Profile Across Domains

Our second research question was whether there is a characteristic “autism profile” on the domains of the VABS, at least for age equivalents. Because of the previously described differences as a function of cognitive level, we decided to examine profiles across the four VABS domains and across our six cognitive level subgroups, using the logic of Profile Analysis as outlined by Tabachnick and Fidell (2007). Figure 1 depicts standard scores and Fig. 2 age equivalent scores on each domain on the VABS for each cognitive level subgroup. Two repeated measures multivariate analyses of covariance were performed, one for each type of score, with 6 cognitive levels (between) and 4 VABS domains (within), and CA as a covariate. The first step in profile analysis is to examine the interaction (the parallelism test). In the case of the standard scores, the profiles were not parallel (Wilks Λ = .64, F(15,776) = 9.16, < .001, η 2 = .14). As seen in Fig. 1, the Communication domain is highest for the average and borderline subgroups whereas it tends to be the lowest among the other groups. The second step in profile analysis is the between-subjects test (the levels test), which indicated that the higher IQ groups in general had higher scores across domains (F(5,283) = 54.26, p < .001, η 2 = .49). The third step is the within-subjects test (the flatness test), which suggested that some domains are higher than others regardless of group, although with a medium effect size (F(3,283) = 29.06, < .001, η 2 = .09). Although there was a profile associated with standard scores, it was clearly not the “autism profile” described previously (highest to lowest: Motor, Daily Living, Communication, Socialization). Although Motor scores tended to be the highest in most cases, Socialization was generally higher than Daily Living and Communication.

Fig. 1
figure 1

Profile of VABS standard scores at different levels of cognitive functioning

Fig. 2
figure 2

Profile of VABS age equivalent scores at different levels of cognitive functioning

The same analyses were conducted for age equivalent scores. Again VABS profiles differed across levels of cognitive functioning (Wilks Λ = .68, F(15, 849) = 6.94, < .001, η 2 = .11). As seen in Fig. 2, the profiles were more pronounced than for standard scores and generally had the same pattern except for high Communication scores among the average and borderline groups. There was also a significant main effect for levels or IQ group (F(5, 283) = 63.90, p < .001, η 2 = .53) and a significant main effect for flatness or domain (F(3, 283) = 8.78, p < .001), although the effect size was small (η 2 = .03). This significant effect of domain confirms the existence of the “autism profile” for age equivalents, whereby generally Motor is highest, followed by Daily Living and Communication (except in the two highest functioning groups), and then Socialization lowest.

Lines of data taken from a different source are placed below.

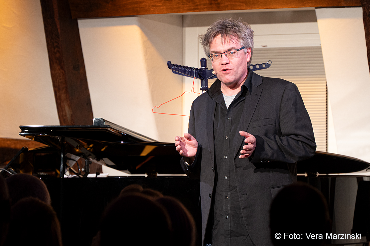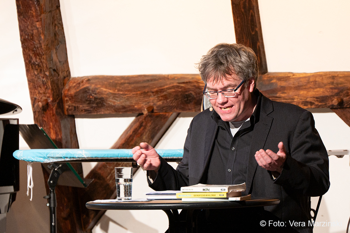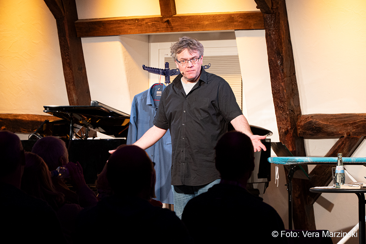 Außerdem gab es noch kurze Einblicke in seine Kurzgeschichtenbücher „Mäh“ und „Rentnerfischen im Hallenbad“. Matthias Reuter ist bislang schon diverse Male mit Kabarettpreisen ausgezeichnet worden, wie mit dem Publikumspreis des Hessischen Kabarettpreises 2018, aber auch mit der Jurypreis-Kappe des Wettbewerbs Tegtmeiers Erben (2011), dem Bottroper Frechdax sowie 2020 mit dem Herborner Schlumpeweck. Seit über zehn Jahren begrüßt Matthias Reuter beim Bier- und Leseabend in Oberhausen Bühnenkolleginnen und -kollegen, die Geschichten lesen oder Songs spielen. Der nächste ist am 31.12.2025. Studiert hat er Germanistik, neuere Geschichte und Philosophie, was er als Kleinkunst-Fachabitur bezeichnet. Und seit 2010 kann er davon leben. Bis 2070 muss er davon leben (sage sein Rentenbescheid). Wenn er weiter so macht, klappt das sicher, denn er „ist immer noch gut“.
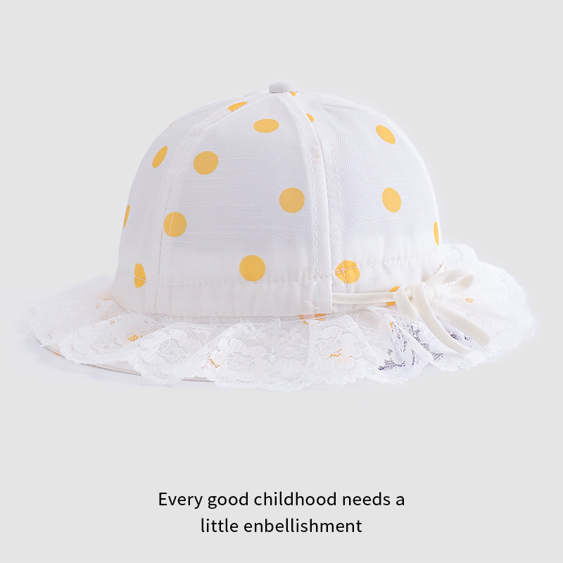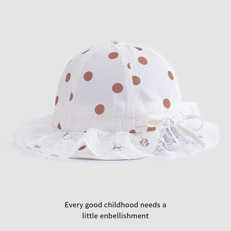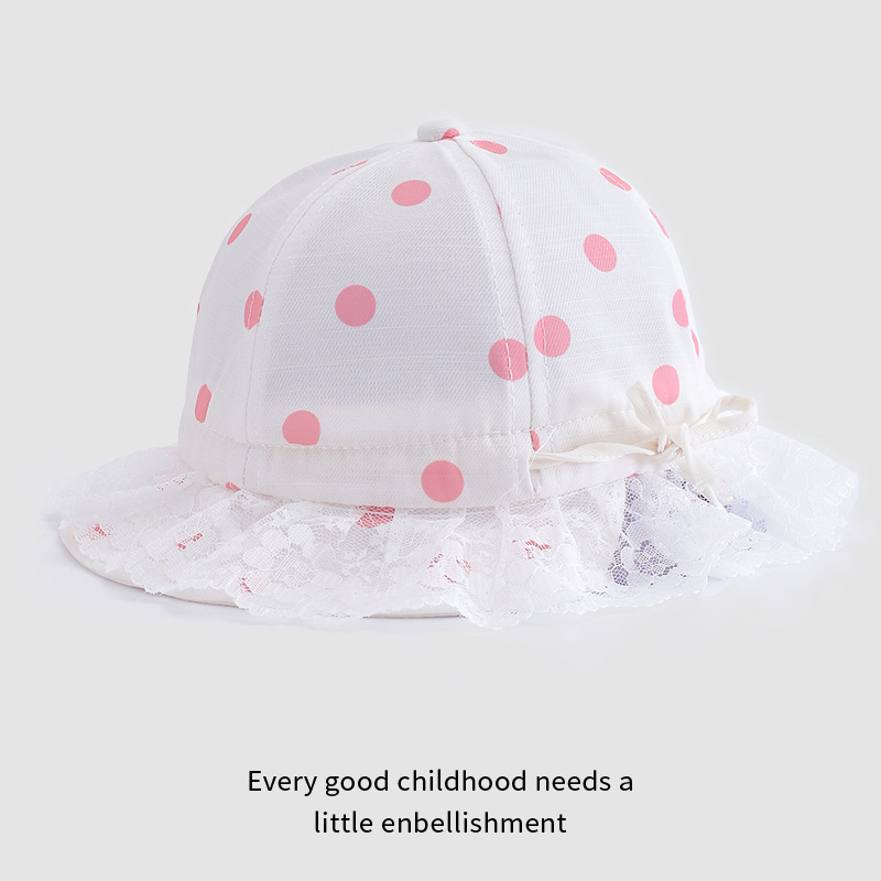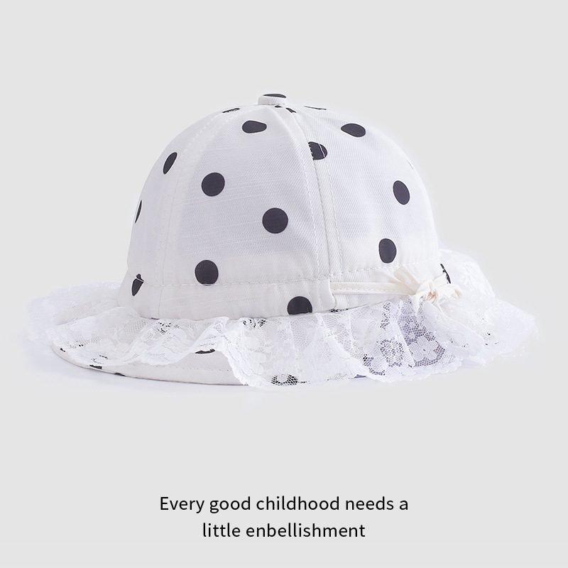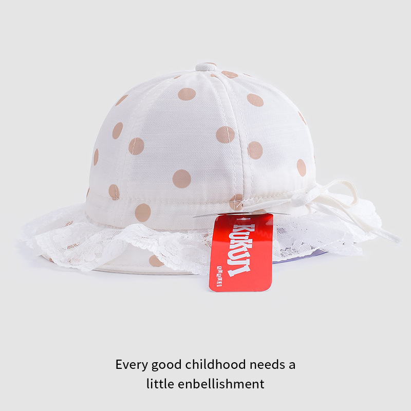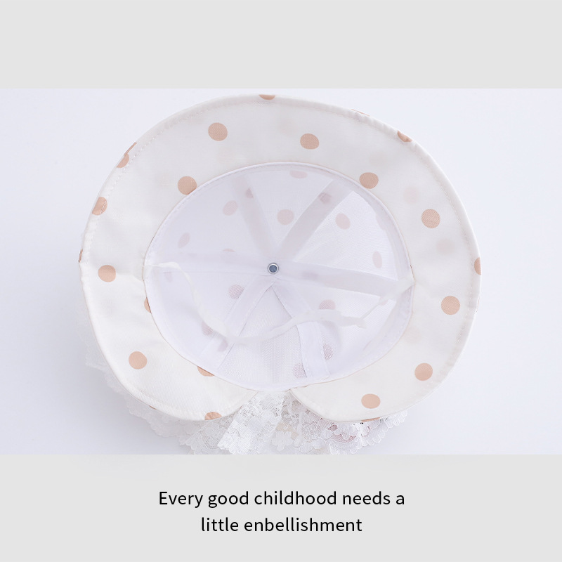 韩版韩式儿童帽子春季新款圆点花边盆帽夏季时尚女童遮阳渔夫帽
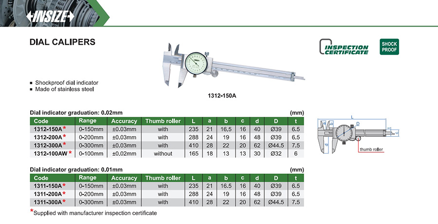1312-150A 0-150mm ±0.03mm 0.02mm
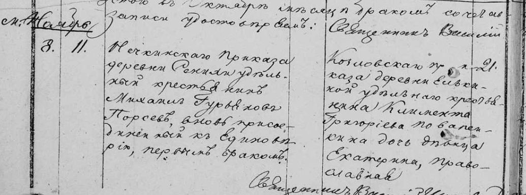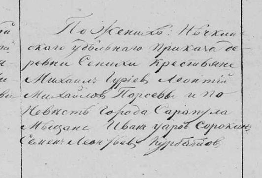 Жених - Нечкинскаго приказа деревни Сенихи удельный крестьянин Михаил Гурьянов Порсев, вновь присоединенный к единоверию, первым браком, (без указания возраста)
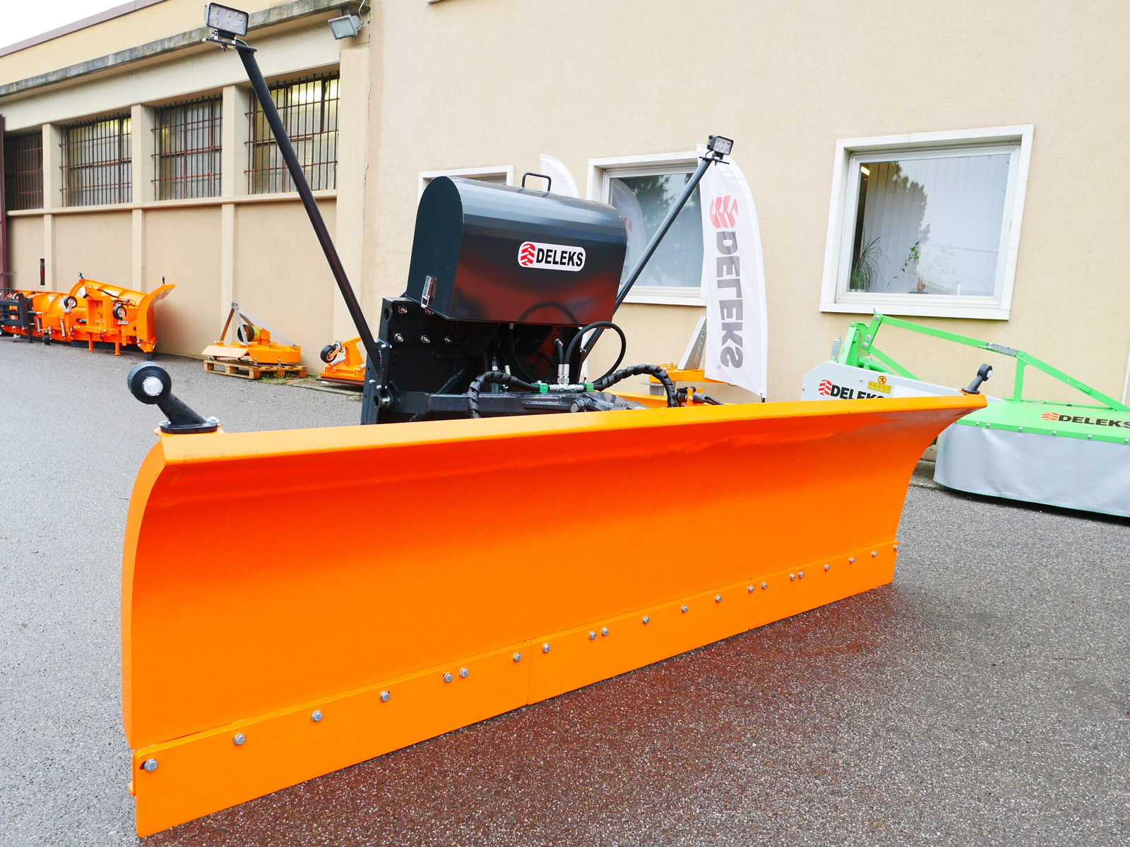 Снежный отвал фронтальный 2,6 метра DELEKS - 490 кг - крепежная плита для сельскохозяйственного трактора - гидравлические подъем и ориентация - 3 стальных или резиновых секции.
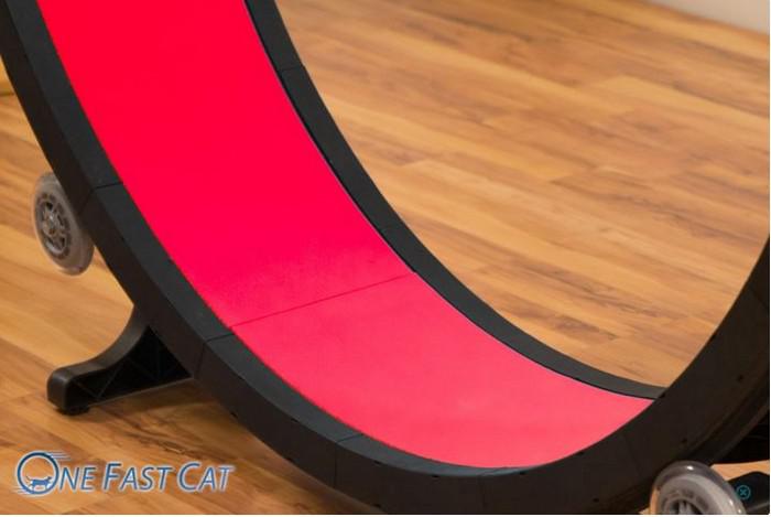 Бег в колесе, по заверениям создателей One Fast Cat, ничем не отличается от бега «на воле». Внутри «беговая дорожка» покрыта материалом EVA (вспененный полиэтилен с добавлением этивинилацетата), который защищает когти питомца. А ведь коты естественно выпускают их во время бега, для лучшего сцепления с землёй. При этом дизайн тренажера-колеса не предполагает спиц, что так же работает на безопасность животного.
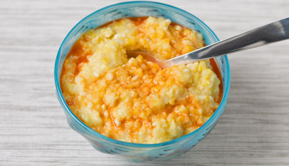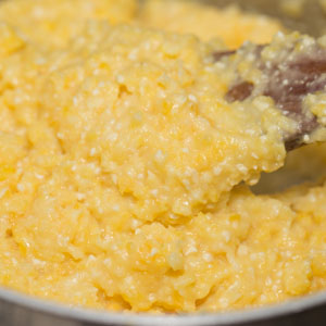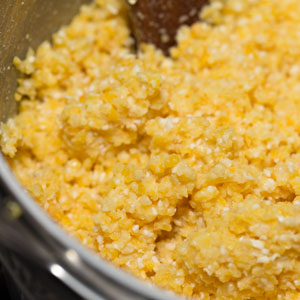 The hominy must be hot and hydrated before it is creamed out with the butter. In the saucepan, the kernels will swell and become slightly creamy. At that point, it is safe to stir in the butter.
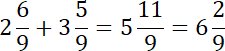 Dodając do siebie liczby mieszane, na początku zsumuj części całkowite, następnie zsumuj części ułamkowe. Jeżeli to możliwe, skróć część ułamkową. Gdy otrzymany ułamek jest ułamkiem niewłaściwym, wyciągnij całości i dodaj je do części całkowitej.
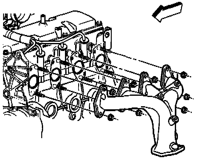 12. Remove the exhaust manifold and the gasket.
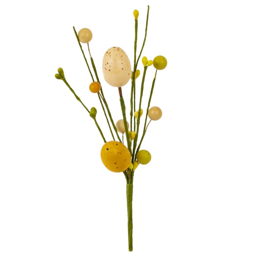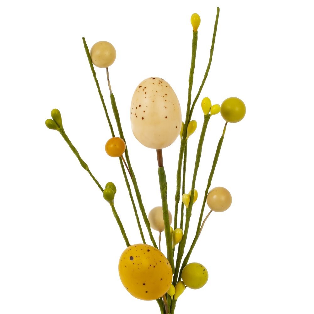 Искусственная пасхальная ветка — это прекрасный элемент декора, который поможет создать праздничную атмосферу в доме. Она изготовлена из полимерных материалов и металла, что делает её долговечной и устойчивой к внешним воздействиям. Декоративные элементы в виде мелких шариков и искусственных яиц, окрашенные в пастельные и яркие оттенки, придают ветке элегантный и нарядный вид. Благодаря своей гибкости, ветку можно использовать в различных композициях: ее можно установить в вазе, комбинировать с другими декоративными элементами или использовать для украшения праздничного стола или венков. Натуральная фактура и гармоничные цветовые решения делают её удачным дополнением к любому интерьеру. Подобное украшение идеально подойдет для подготовки к Пасхе, создавая уютную и весеннюю атмосферу. Оно не требует особого ухода и на долгое время сохранит свой первоначальный внешний вид. Искусственная ветка станет приятным акцентом в декоре и подчеркнет торжественность светлого праздника.

Differences in VABS Scores and Profiles Across Diagnostic Groups

Our third research question examined differences in VABS profiles as a function of specific diagnosis. First, we examined VABS scores in two sets of individually matched subsamples from our dataset: (a) 28 pairs of children with autism versus MR (without autism); and (b) 48 pairs of children with autism versus PDD-NOS. For the first set of analyses, each child with MR in our sample was individually matched to a child with autism of similar CA and MA (both within 3 months). Consistent with best practice for group-matching designs (see Mervis and Klein-Tasman 2004), p values for comparisons involving control variables exceeded 0.50. The two groups were virtually equivalent for CA (M = 52.25 [SD = 10.76] months versus 52.39 [10.55] months, t(27) = −.51, p = .62), MA (M = 26.11 [SD = 6.71] months versus 26.24 [7.57] months, t(27) = −.397, p = .70) and IQ estimate (= 50.64 [SD = 2.02] versus 50.31 [2.04], t(27) = .55, = .59). As expected, CARS scores were much lower for the children with MR (= 23.23 [SD = .3.02] versus autism 34.57 [SD = 3.30], t(54) = 13.42, p < .001).

Profile analyses similar to those reported above were conducted (except here there were only two groups). Two sets of repeated measures analyses of variance were carried out (one for standard scores, one for age equivalents) to evaluate differences between children with autism and children with MR (age was not covaried as it was controlled by the matching procedure). Results are shown in Figs. 3 and 4. For standard scores, there was a significant interaction (Wilks Λ = .86), and Greenhouse–Geisser adjustments were applied because of non-sphericity resulting in F(2.1, 54) = 4.39, = .013, η 2 = .08) indicating the profiles differed in the two groups. The within-subjects (domain) effect was also significant (F(2.1, 54) = 4.86, = .008, η 2  = .08). Neither of these were very large effect sizes, however. The between-groups test, of greatest interest in this case, was significant and accounted for more variance: F(1, 54) = 8.24, = .006, η 2 = .13). Post hoc univariate analyses (using an α level of .01) indicated that children with autism scored lower than children with MR for Communication (F(1,54) = 10.50, = .002) and Socialization (F(1,54) = 26.44, < .001), but there were no differences for Daily Living or Motor Skills.

Fig. 3
figure 3

Profile of VABS standard scores for matched pairs with autism or MR (n = 28)

Fig. 4
figure 4

Profile of VABS age equivalent scores for matched pairs with autism or MR (n = 28)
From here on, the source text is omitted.